I’ve run into denial in others in many forms and find it frustrating, irrational, and sometimes outrageous. It boggles my mind when a person stares me in the eyes and basically tells a lie, yet really thinks he or she is telling the truth. But now, when I run into irrationality and, frankly, insanity, I can recognize it. I know I’ve run into a deep-seated survival skill still essential to this person’s ability to function. Challenging it leads to arguments and bad feeling. Take the example of my boyfriend who drank. He’d tell me he’d stop, and he’d mean it at the time, but it was an unconscious lie. Because drinking was covering up some deep intolerable pain for him. Turning to alcohol was actually a solution that had become another problem.

So I’ve learned my lesson. I no longer beat my head against the wall, trying to convince anyone in denial of the obvious realities clearly visible to anyone who really looked. These days, I let them be. But I protect myself, too. Denying reality can negatively affect relationships, and I prefer honesty and transparency. I prefer admitting my weaknesses so I can work on them and acknowledging my strengths. I’ve moved away from close relationships with people too far into their denial, and even let some friendships go completely.

Suggestions for Dealing with Denial

In Yourself

  • Are you feeling a great deal of pain? Or perhaps deep in depression (which for me was caused by suppression of feelings)?
  • Are you ready to try something different than you’ve always done? Can you identify what you are avoiding?
  • List what you’ve tried already and brainstorm new methods for doing something different.
  • Consider a radical step for yourself, something you have resistance to.
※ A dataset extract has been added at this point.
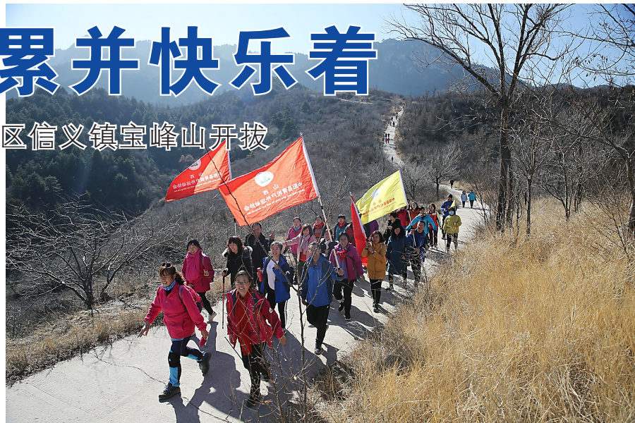
参加活动的户外运动爱好者挥舞旗帜,享受着登山的快乐。

本报讯(记者 曹永亮 通讯员 温保翠)1月13日,农历12月初8,是我国的传统节日“腊八节”,当天,2019年首届趣味登山活动在离石区信义镇宝峰山开拔。本次活动由吕梁市户外运动协会主办,吕梁各户外俱乐部协办。

For example, making an appointment with a therapist, signing up for a self-help workshop, trying a meditation center, or attending a 12-step meeting as an experiment.

In Others

  • First of all, know that you have absolutely no control over someone else’s defense mechanisms.
  • Rather than trying logic with the person, see what happens when you stop challenging and simply let things go, let them be. They’ll stick with their behavior no matter what you do or say, and they’re more likely to actually hear themselves (and their lack of rationality), if you stop arguing with them.
  • Instead of engaging with the person’s denial, turn your attention to healthier pursuits. With the extra time, go to the gym, practice your craft, pursue your passions.
  • Modeling healthy behavior is the best action you can take to inspire others in denial.

What is your experience with denial? Have you had your own breakthroughs? How have you managed it in others? I’d love to hear your thoughts.